#### [Your instructions]
Quote the data exactly, first line to the line containing "ÇÁ·Î±×·¥Àº 11¿ù~12¿ù ÁøÇàµÇ¸ç, Áß¡¤Àå³âÃþÀÇ", with no pictures.

#### [Supplied data]

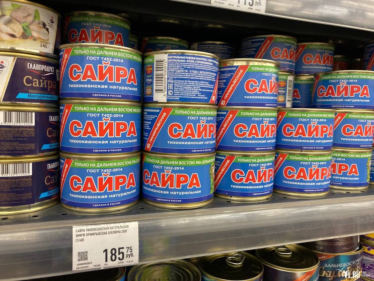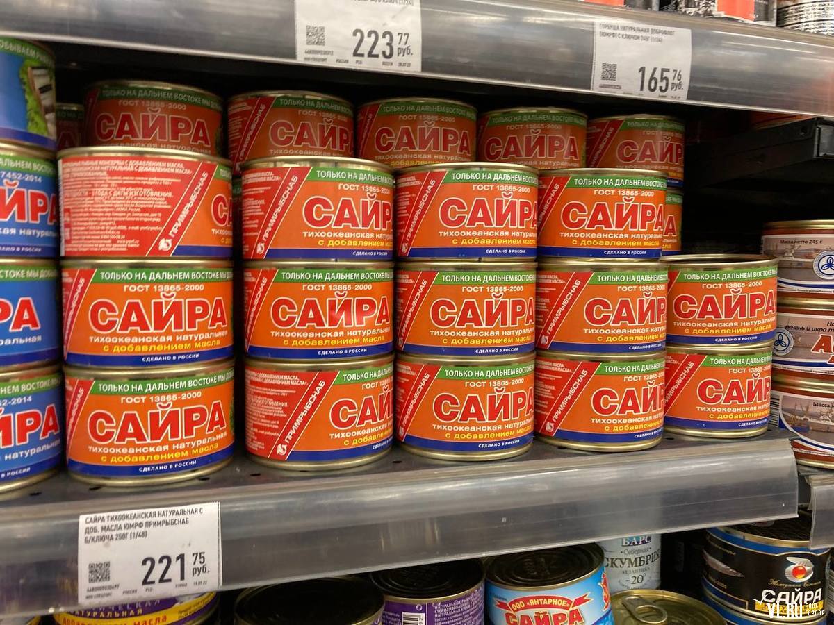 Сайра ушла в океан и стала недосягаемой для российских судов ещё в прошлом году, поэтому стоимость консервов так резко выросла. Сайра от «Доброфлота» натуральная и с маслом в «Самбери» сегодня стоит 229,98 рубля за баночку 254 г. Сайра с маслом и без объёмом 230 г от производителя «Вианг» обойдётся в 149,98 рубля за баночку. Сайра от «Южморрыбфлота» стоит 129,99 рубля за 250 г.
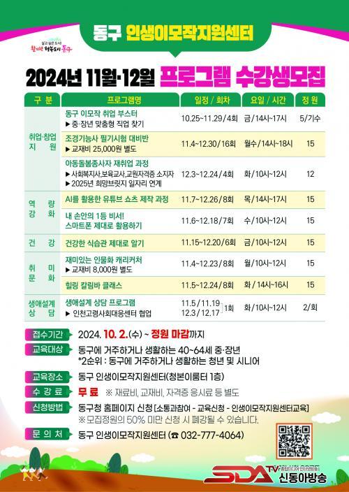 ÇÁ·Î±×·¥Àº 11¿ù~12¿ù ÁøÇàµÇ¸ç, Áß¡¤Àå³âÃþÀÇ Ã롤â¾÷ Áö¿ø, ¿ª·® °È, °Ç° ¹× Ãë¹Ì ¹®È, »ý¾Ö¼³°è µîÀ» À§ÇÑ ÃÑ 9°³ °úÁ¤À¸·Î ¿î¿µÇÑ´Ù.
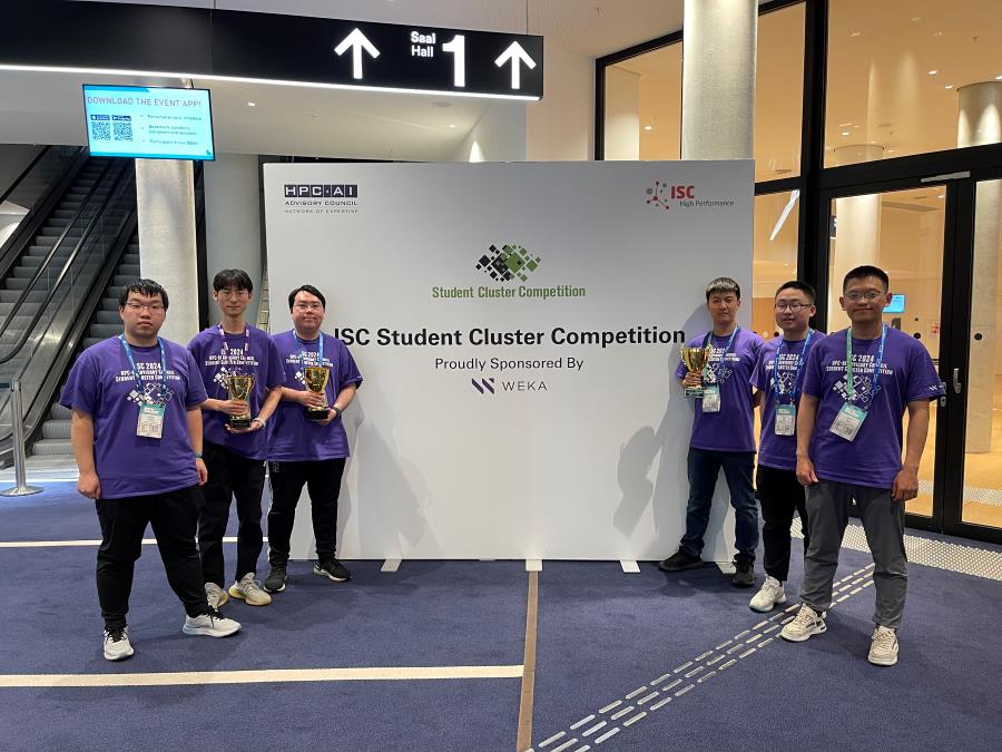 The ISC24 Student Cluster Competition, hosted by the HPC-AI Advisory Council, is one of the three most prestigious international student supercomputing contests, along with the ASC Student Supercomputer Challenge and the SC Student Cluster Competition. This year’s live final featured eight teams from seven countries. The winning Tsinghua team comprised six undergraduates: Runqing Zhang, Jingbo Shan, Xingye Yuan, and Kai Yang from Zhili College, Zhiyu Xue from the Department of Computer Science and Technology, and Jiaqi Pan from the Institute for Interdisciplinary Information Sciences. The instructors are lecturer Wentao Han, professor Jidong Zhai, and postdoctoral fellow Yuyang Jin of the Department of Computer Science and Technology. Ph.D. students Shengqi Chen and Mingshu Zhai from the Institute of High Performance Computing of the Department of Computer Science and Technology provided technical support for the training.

#### [Answer to this task]
 Сайра ушла в океан и стала недосягаемой для российских судов ещё в прошлом году, поэтому стоимость консервов так резко выросла. Сайра от «Доброфлота» натуральная и с маслом в «Самбери» сегодня стоит 229,98 рубля за баночку 254 г. Сайра с маслом и без объёмом 230 г от производителя «Вианг» обойдётся в 149,98 рубля за баночку. Сайра от «Южморрыбфлота» стоит 129,99 рубля за 250 г.
 ÇÁ·Î±×·¥Àº 11¿ù~12¿ù ÁøÇàµÇ¸ç, Áß¡¤Àå³âÃþÀÇ Ã롤â¾÷ Áö¿ø, ¿ª·® °È, °Ç° ¹× Ãë¹Ì ¹®È, »ý¾Ö¼³°è µîÀ» À§ÇÑ ÃÑ 9°³ °úÁ¤À¸·Î ¿î¿µÇÑ´Ù.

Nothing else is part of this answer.